Beim Freihandelsabkommen Ceta mit Kanada könnten Schiedsgerichte zum Einsatz kommen. - © Fotolia/Kehli

Beim Freihandelsabkommen Ceta mit Kanada könnten Schiedsgerichte zum Einsatz kommen. © Fotolia/Kehli



Mit 1. März 2017 ist die überarbeitete Schiedsgerichtsordnung der Internationalen Handelskammer (ICC) mit Sitz in Paris in Kraft getreten. Die bedeutendste Neuerung betrifft die Einführung eines beschleunigten Verfahrens, das Schiedsverfahren schneller und günstiger machen soll - allerdings auf Kosten der Privatautonomie.

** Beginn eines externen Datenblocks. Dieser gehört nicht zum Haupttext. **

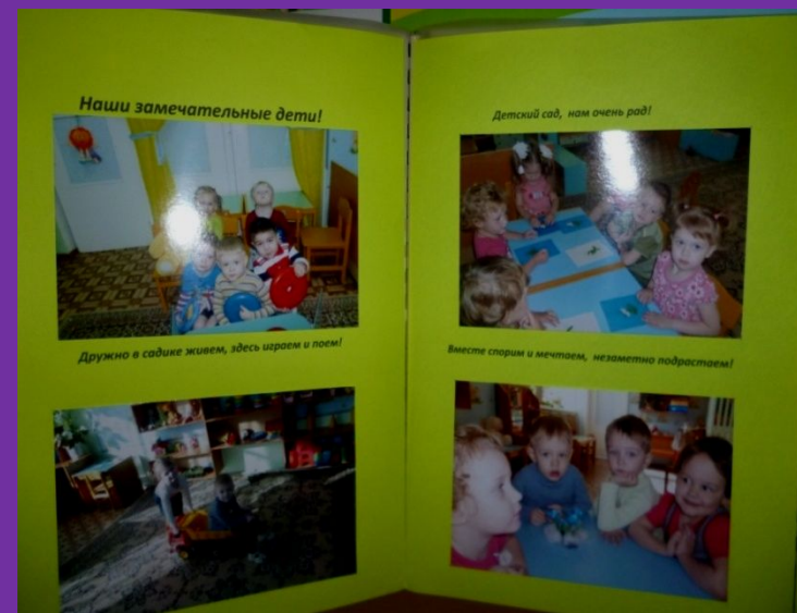
Игровые - технологии
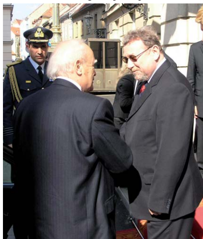
Vladimir Šeks i Karolos Papoulias

Predsjednik Hrvatskoga sabora izrazio je uvjerenje da bi trebalo ojačati parlamentarnu suradnju, u prvom redu na razini odbora za pitanja EU, što bi uvelike pomoglo Hrvatskoj na njezinom putu prema članstvu u Europskoj uniji.
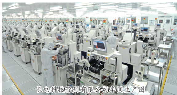
长电科技滁州有限公司车间生产图

抓骨干企业培育,新增当年投产当年入规企业10户,亿元以上企业达到60户,产值占比94.7%,拉动规模以上产值15.9个百分点。
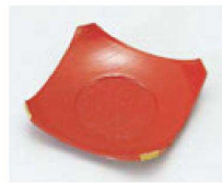
㉓ 1-760-9 A 隅切茶托 朱溜金 ¥650 (9.5×9.5×2.2) 梱200
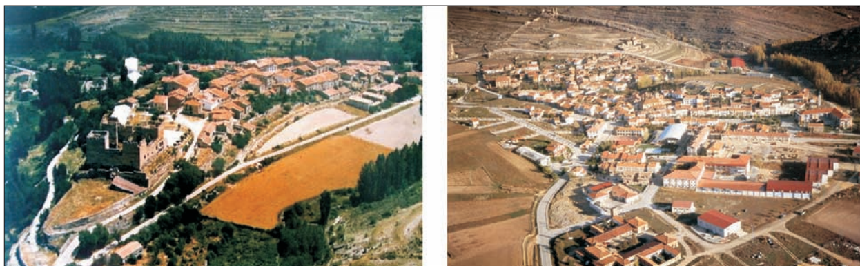
FIG. 6. Vista actual de las antiguas villas de Yanguas (izquierda) y San Pedro Manrique (derecha), cabeceras de las comunidades de villa y tierra históricas del mismo nombre.

En el último tercio del siglo xv, coincidiendo con los reinados de Enrique IV y de los Reyes Católicos, se producen unos cambios fundamentales que afectan decisivamente al gobierno y al funcionamiento socioeconómico de las Tierras Altas. El primero de ellos es la supresión en la práctica de las comunidades de villa y tierra y su entrega a la nobleza como «tierras de señorío», de la que sólo se libra plenamente la muy poderosa comunidad de Soria. El segundo, derivado en gran parte del anterior, es el paso a actividad principal de la ganadería lanar (que se hace trashumante y se integra en un sistema económico de escala nacional e incluso europea) y la incorporación plena de los nuevos señores a la Real Cabaña de la Mesta para aprovechar el privilegio de 1489 por el que la Corona concede a los ganados trashumantes el derecho a «transitar, pacer y beber en todas las tierras, salvo la de labor, viña, huerta, prado de siega y dehesa boyal» (Klein, 1994).
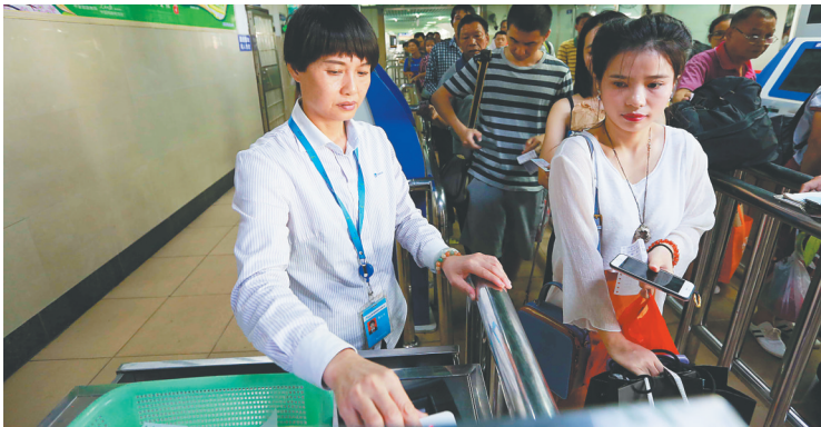
10月3日，海口港，工作人员在为过海旅客检票。

“虽然整个假期都不能回家，但是队员们一句抱怨的话都没有，大家都很卖力。”李和贵说，每天从早上8点半到晚上9点半，工作时间超过12个小时，因为得一直站着，晚上回到房间腿都是肿的，脚上也磨起了水泡。“很辛苦，但是会提醒自己再坚持坚持就好了，为了让‘预约过海’模式能顺利推行，所有的付出都是值得的。”
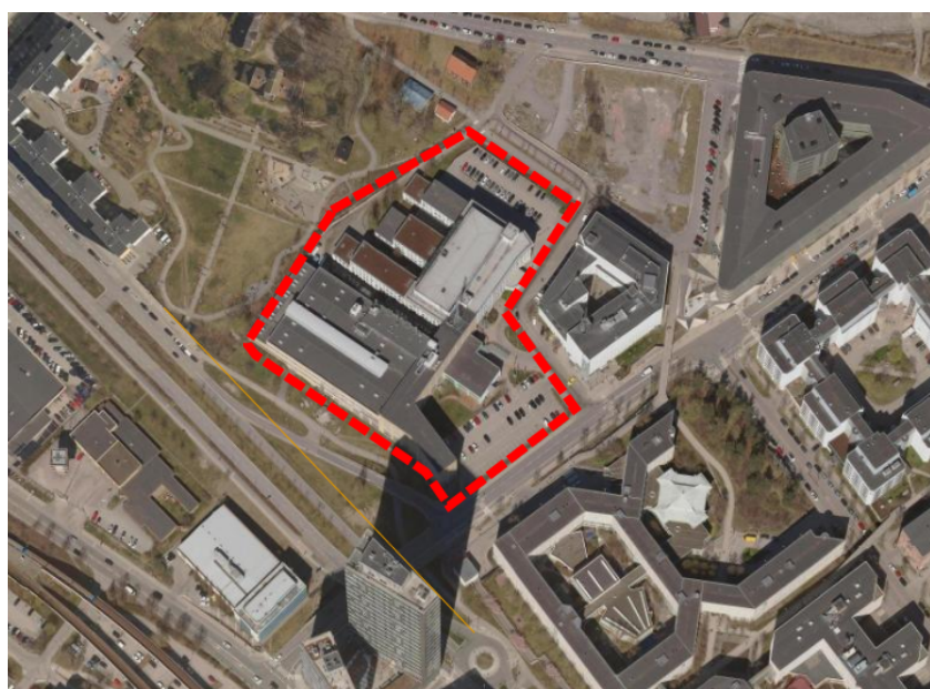
Ortofoto med fastigheten Reykjavik 1 markerad.

Insbesondere im internationalen Wirtschaftsleben haben Schiedsverfahren in den vergangenen Jahren aufgrund ihrer zahlreichen Vorteile immer mehr an Bedeutung gewonnen. In einem Schiedsverfahren werden privatrechtliche Streitigkeiten aufgrund einer Schiedsvereinbarung anstelle eines staatlichen Gerichts von einer nichtstaatlichen Einrichtung entschieden. Da Schiedsverfahren im Unterschied zu staatlichen Gerichtsverfahren nicht öffentlich ausgetragen werden, bieten sie höhere Vertraulichkeit. Schiedsverfahren haben auch meist eine kürzere Verfahrensdauer, da es in der Regel keinen Instanzenzug gibt. Außerdem haben die Parteien im Schiedsverfahren die Möglichkeit, als Schiedsrichter nur Experten mit besonderer Sachkunde auszuwählen. Schiedsverfahren bieten zudem größere Flexibilität, weil die Parteien den Ablauf, den Ort und die Sprache des Verfahrens weitgehend selbst bestimmen können.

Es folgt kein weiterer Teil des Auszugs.